The Tech World Obsession With Scalability Killed My Passion Project|Headphones leaning against a stack of record albums.|Group of people working on laptops.
The Tech World Obsession With Scalability Killed My Passion Project
From 2014 to 2018, I ran a music discovery service. At our peak, 45 curators sent hand-picked songs based on listener preferences to over 7,000 inboxes. We were the anti-algorithm. When Spotify launched "Discover Weekly" about eight months into our endeavor, I had something to prove. I was steadfast in the idea that I could scale a bunch of volunteer humans from around the world with varying tastes to curate songs for strangers, who also had a diverse range of tastes. The questions soon became: Why scale it? I worked as a content marketer for a tech startup in the heyday of content marketing. I was in my mid-20s and had fully leaned into the “anxious New Yorker with something to prove” identity. I came up with the idea for the service on a run. Fueled by said anxiety, I stayed up all night and made a Squarespace website, bought the domain and texted it to a couple of friends. They both loved it, so I tweeted it.By the time I got to work in the morning, my little website, adorned with stock photos, had received hundreds of subscriber submissions. It got shared around Twitter and found its way on a website called Product Hunt, which gave it some traction. Product Hunt was (and is) a place for people to discover and talk about new software products. I believe the vibe has changed, but at the time, it felt like a real community.
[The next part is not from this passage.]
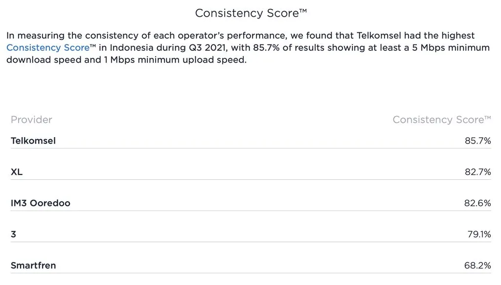 Selain itu, Speedtest juga menguji Consistency Score masing-masing operator seluler, yang tetap menempatkan Telkomsel sebagai jawaranya,
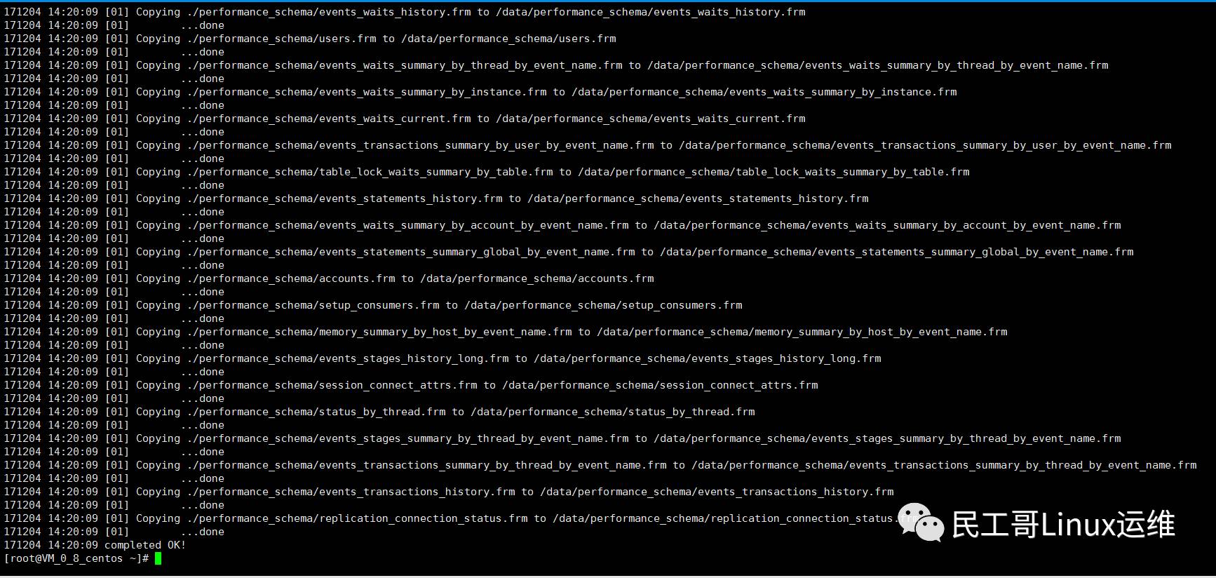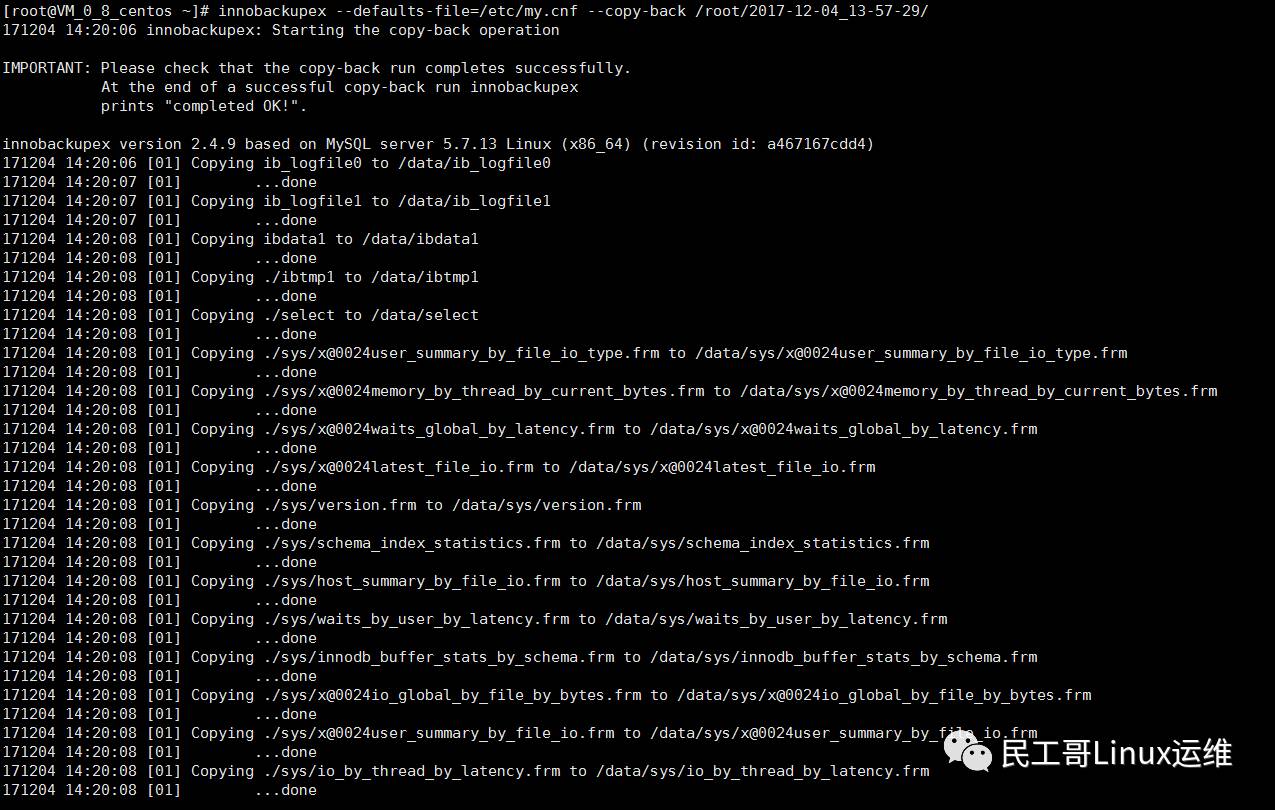 [root@centos ~]# innobackupex --defaults-file=/etc/my.cnf --copy-back /root/2017-12-04_13-57-29/

No matter how many times I was rejected, I still felt like there was something there.
I Built a Community and Let Others Help
After that, friends and strangers began reaching out to help. I was overwhelmed by their interest and kindness. I did everything at first. I spent long nights and weekends grouping people together based on the bands and songs they liked, then curating songs for them and scheduling emails. It was fun and not at all sustainable. Delegation was a foreign concept to me. It seemed like I lacked trust, but I simply wasn’t confident enough in what I was doing to explain it to someone else. I didn’t know what I was doing. My employer started to dislike this passion project of mine. My work didn’t diminish in quality and I still worked way too hard for my entry-level salary as a 1099 contractor with zero equity and little benefits. But it was clear I was far more passionate about my side project, and my boss didn’t trust that I could manage both. I finally let a friend help, and then more friends, and then strangers. Eventually, we were a global community of 45 people, who became pretty tight with each other and our subscribers. Those of us in New York met up often for drinks and shows and we had a Facebook group for everyone to converse. The part that felt most special was how many curators developed a relationship with their subscribers. They’d swap songs back and forth. Or sometimes they’d discuss a specific artist, album, concert, what have you. Some curators shared poems inspired by their daily songs in the emails; others shared historical context; some simply shared why they liked it. It was a beautiful social experiment. I wasn’t ignoring the beauty, but I was wrapped up in startup-land. I applied to startup accelerators, looked at tech-focused grants and networked (ugh) in hopes of meeting a backer. No matter how many times I was rejected, I still felt like there was something there. I could “scale this thing.”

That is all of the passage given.